What I was thinking was some improvements to gnattest (https://docs.adacore.com/gnat_ugn-docs/html/gnat_ugn/gnat_ug...) but also a way to add some quickcheck-like generator features (Ada already has the property description language through contracts) with Libadalang... One can dream !
But the whole "Let the developer write one test harness and use it almost as-is with different testing/validation techs" (I'm not explaining it well) was some kind of revelation.
When you say 'adding a fuzzing test harness is only 2-3 days work' you still get complaints: that's too much (but I then found dozens of bugs), it's /another/ test harness to maintain, we'll have to rebuild an input corpus for every interface break (true...). Anything that could alleviate the pain would be great...
I didn't bother proving it, but I think that some of our techniques could be interpreted as some kind of SE; but the general case is that they're AI.
I know installing it from source is a pain, but a scriptable pain.
I'm also wondering (curiosity) why you'd have to package and deliver it (to customers ?). I always saw it as a developer tool. Seems you're working on very interesting stuff :-)
In terms of packaging, it's nothing exciting-- we just had to produce a .deb if we wanted to install something on a build or test server.
I’m attempting to use the technique right now in the context of writing an execution tracer for a bytecode VM runtime, where I want to “recover” ABI types for arbitrary bytecode (that I don’t have the source to), in order to emit traces that describe what’s going on in high-level terms (e.g. “foo[x][y].z = 3” rather than “$329f = ($329f & (~(1 << 32) << 8)) | (%r25 & 0xff)”.)
So I’m doing a static-analysis pass of the bytecode (essentially a decompilation pass) which symbolically executes math ops to build up symbolic formulae representing the math being done, and to associate program-counter positions in the bytecode with value bindings in the formulae; and then I’m feeding those associations to the runtime tracer, so that it can notice when it’s on an “interesting” PC position and feed its current register/stack value into an instance of the associated formula, for me to emit once I get all the bindings of the formula filled in.
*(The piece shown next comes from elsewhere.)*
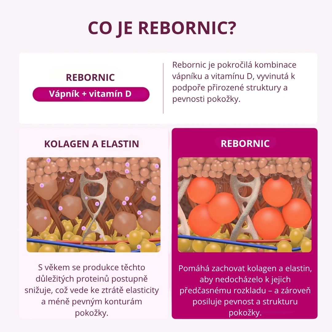 Komplex Rebornic™ s vápníkem posiluje strukturu pleti a zlepšuje elasticitu, takže kontury jsou pevnější a výraznější.

So far I haven’t found any texts or papers talking about using symbolic execution in this context (to recover information lost due to previous compilation, in a pass “within” a tracer, JIT, transpiler, or anything else that starts with bytecode or IR), which is kind of annoying. Anyone have any resources? Projects that use this technique? (I’m thinking that this is something you’d see done in sufficiently-advanced game-console emulators, as a “deoptimization” pass to recover structure to help dynamic recompilation optimize better.)
Also, related question: if I’ve got a stack machine, and all the jumps in the ISA are indirect jumps (but with literal values pushed on the stack), is there any way to recover the edges between basic blocks without doing a symbolic exec over the stack ops (i.e. to discover, among all the DUPs and SWAPs and such, which constant stack-slot the jump op is actually receiving)? I’m pretty sure there is a “weaker” method, but I’m stymied here by my lack of compiler-theory education; everything I google about dominance hierarchies and such assumes you’re starting with a model of a register machine with direct jumps (where the edges are context-free extractable from the jump ops).
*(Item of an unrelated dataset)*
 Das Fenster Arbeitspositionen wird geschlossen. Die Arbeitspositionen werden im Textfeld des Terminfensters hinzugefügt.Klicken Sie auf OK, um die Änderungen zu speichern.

I managed to use symbolic execution to build a smart contract decompiler - Eveem.org. What you see there is essentially a trace from a symbolic execution of an Ethereum contract, plus some postprocessing.
> Cyber Grand Challenge highlights from DEF CON 24, August 6, 2016
I really dislike this definition. It is confusing and backwards from normal math/logic parlance.
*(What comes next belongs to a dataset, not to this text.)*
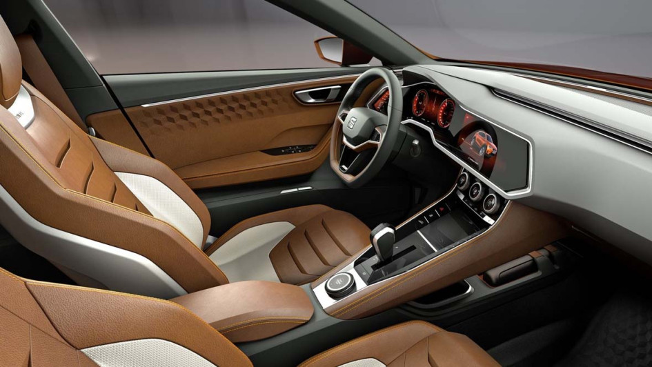 von 10: Die Innenarchitektur der Studie wird es kaum in die Massenproduktion schaffen, aber zumindest sind frei konfigurierbare Instrumente ja bereits Standard in diversen Baureihen des Volkswagen-Konzerns, so dass auch bei der Serienversion des Seat-SUV mit ihnen zu rechnen ist.

> all possible unsafe inputs are guaranteed to be found
A sound system can reject all programs and still be sound. Therefore, it does not follow that all possible unsafe inputs are guaranteed to be found.
In my view, focusing on program acceptance or rejection is not really helpful.
In part answer to touisteur, I don't use it and can't see myself ever using it in industry where it's just 'get stuff done' and if it's not too buggy it goes into production. Which is a real downer.